### Exercise directions
Only the lines from the one with "Vei sta într-un" to the end of the data below should be given again, exactly, with both ends included and pictures omitted.

### Dataset excerpts
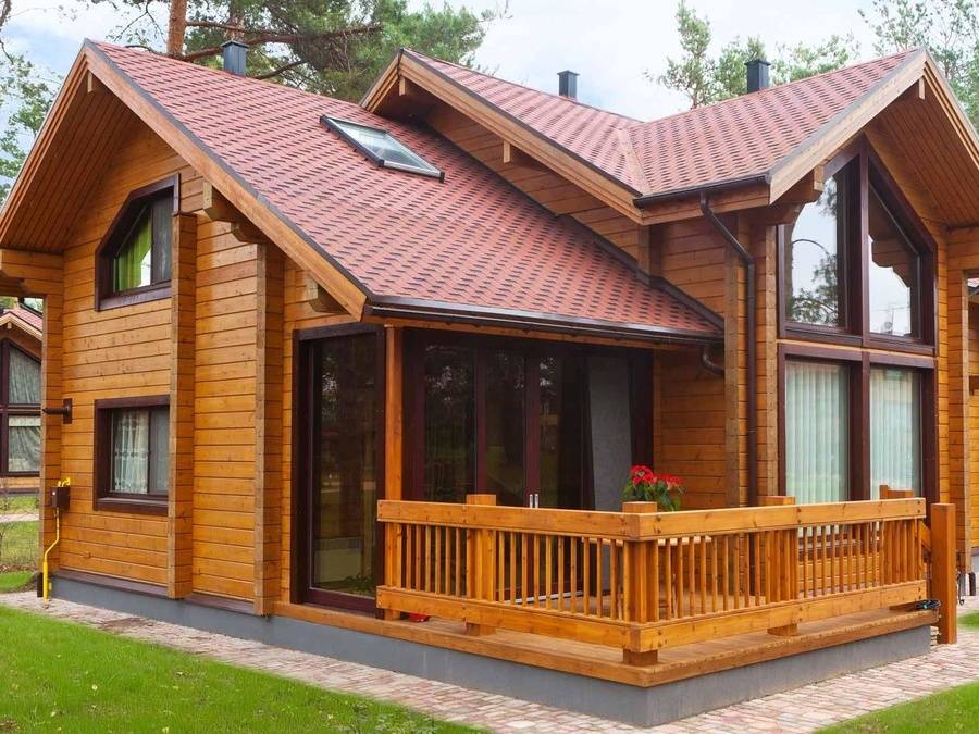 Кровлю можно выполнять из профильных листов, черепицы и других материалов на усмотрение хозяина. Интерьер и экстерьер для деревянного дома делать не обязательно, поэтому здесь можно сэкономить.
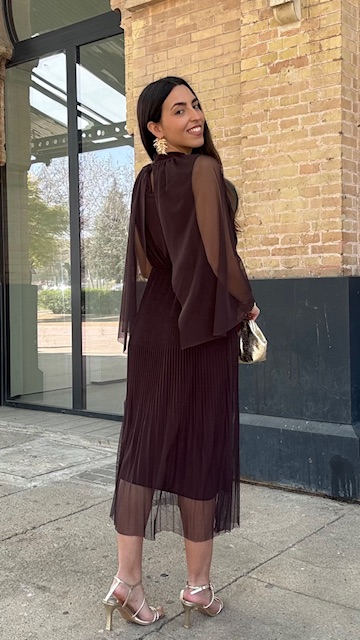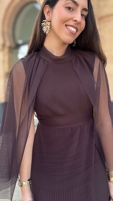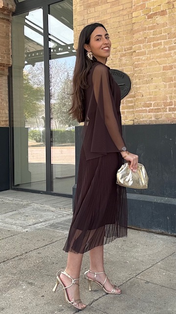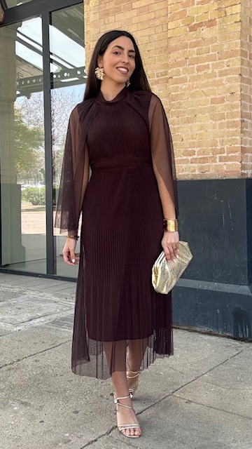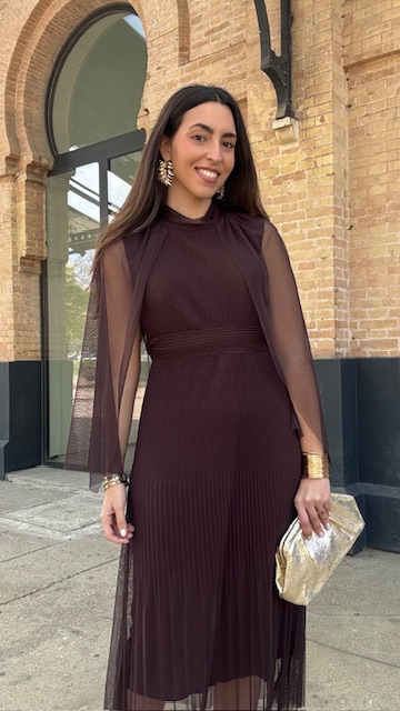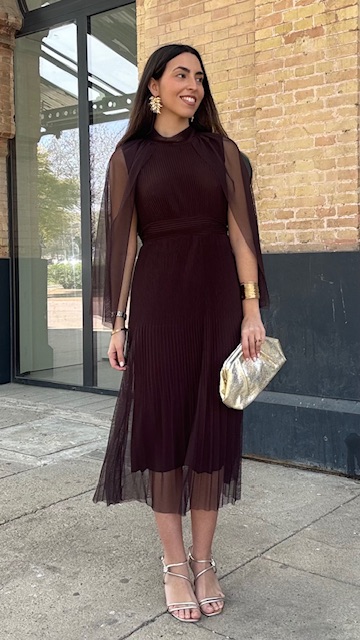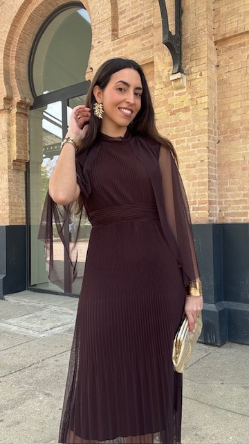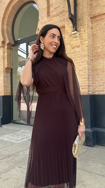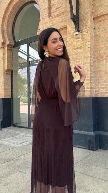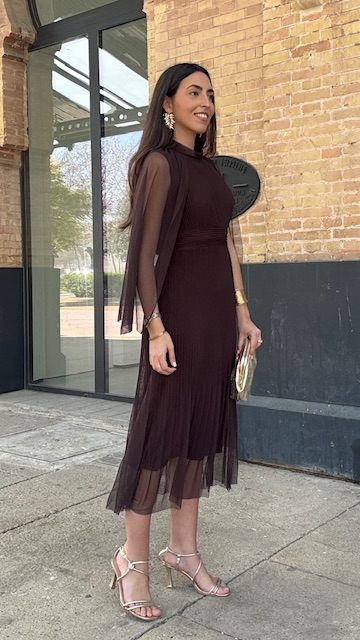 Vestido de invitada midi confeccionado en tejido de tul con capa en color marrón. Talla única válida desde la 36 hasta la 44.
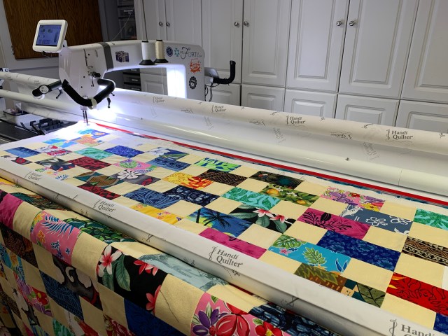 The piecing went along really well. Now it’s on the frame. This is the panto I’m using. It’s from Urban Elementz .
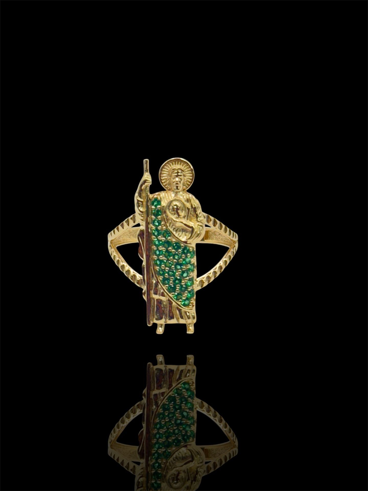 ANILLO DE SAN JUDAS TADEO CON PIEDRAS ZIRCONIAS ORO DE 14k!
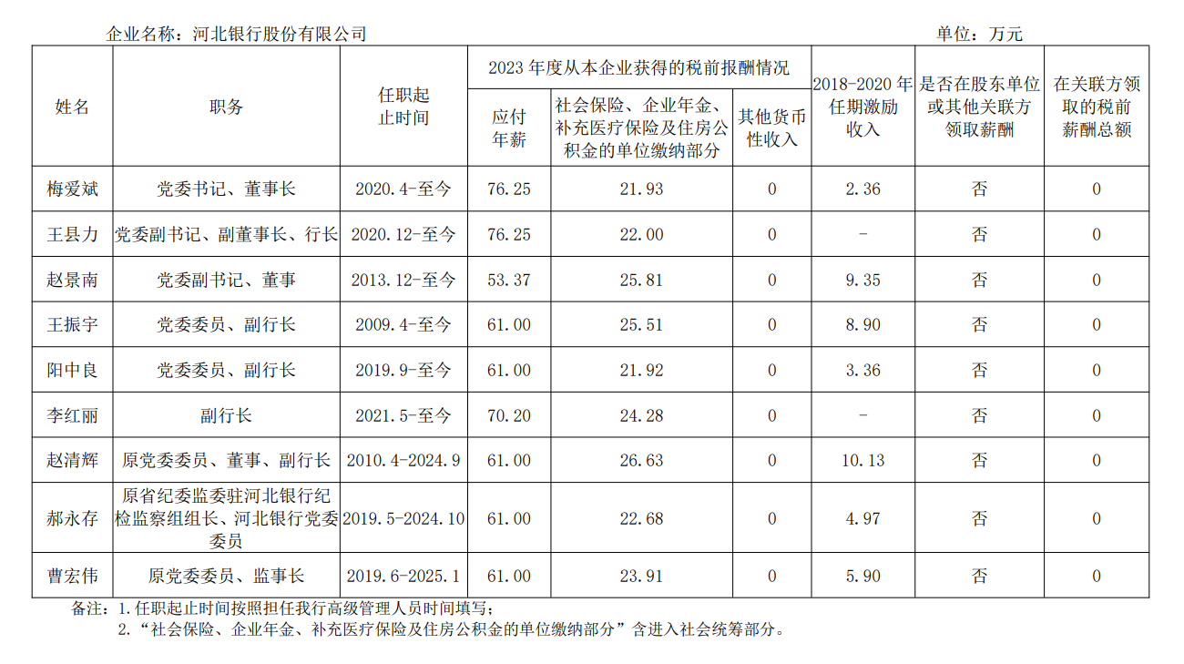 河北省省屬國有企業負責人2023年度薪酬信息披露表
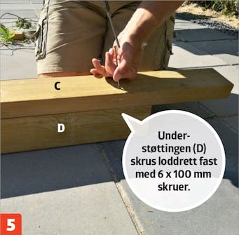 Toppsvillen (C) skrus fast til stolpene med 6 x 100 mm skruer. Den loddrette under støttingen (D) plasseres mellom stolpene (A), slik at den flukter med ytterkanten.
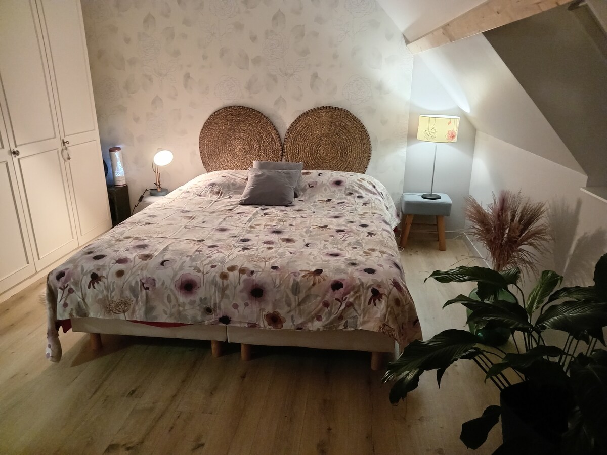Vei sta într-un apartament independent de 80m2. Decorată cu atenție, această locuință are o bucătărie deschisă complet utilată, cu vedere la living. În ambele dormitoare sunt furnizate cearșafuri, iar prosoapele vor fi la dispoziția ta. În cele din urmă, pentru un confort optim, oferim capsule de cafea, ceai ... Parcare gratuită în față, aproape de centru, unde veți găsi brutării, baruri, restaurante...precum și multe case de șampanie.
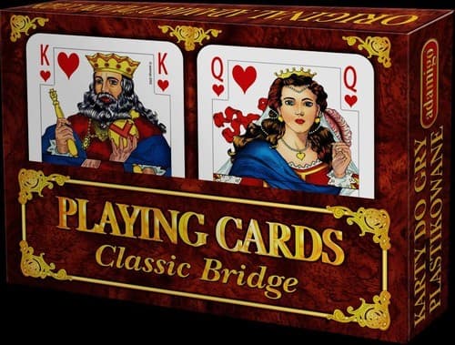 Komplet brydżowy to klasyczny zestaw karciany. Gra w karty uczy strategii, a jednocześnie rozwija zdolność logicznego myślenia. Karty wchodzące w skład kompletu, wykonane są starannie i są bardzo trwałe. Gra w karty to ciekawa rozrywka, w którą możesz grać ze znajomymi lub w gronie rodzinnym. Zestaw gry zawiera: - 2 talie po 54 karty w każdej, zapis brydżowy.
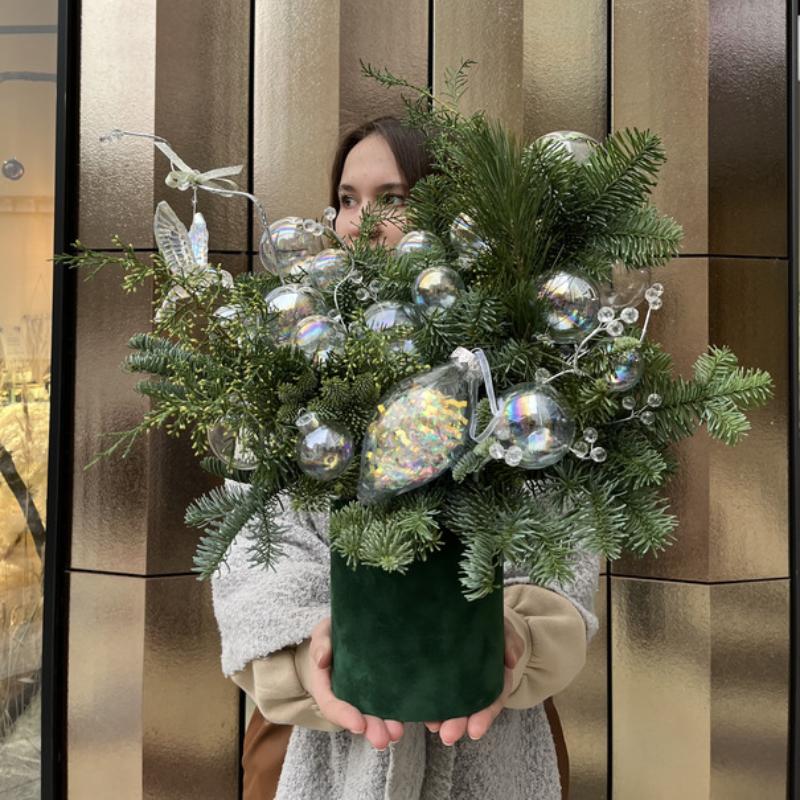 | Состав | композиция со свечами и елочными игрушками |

### Answer for this exercise
Vei sta într-un apartament independent de 80m2. Decorată cu atenție, această locuință are o bucătărie deschisă complet utilată, cu vedere la living. În ambele dormitoare sunt furnizate cearșafuri, iar prosoapele vor fi la dispoziția ta. În cele din urmă, pentru un confort optim, oferim capsule de cafea, ceai ... Parcare gratuită în față, aproape de centru, unde veți găsi brutării, baruri, restaurante...precum și multe case de șampanie.
 Komplet brydżowy to klasyczny zestaw karciany. Gra w karty uczy strategii, a jednocześnie rozwija zdolność logicznego myślenia. Karty wchodzące w skład kompletu, wykonane są starannie i są bardzo trwałe. Gra w karty to ciekawa rozrywka, w którą możesz grać ze znajomymi lub w gronie rodzinnym. Zestaw gry zawiera: - 2 talie po 54 karty w każdej, zapis brydżowy.
 | Состав | композиция со свечами и елочными игрушками |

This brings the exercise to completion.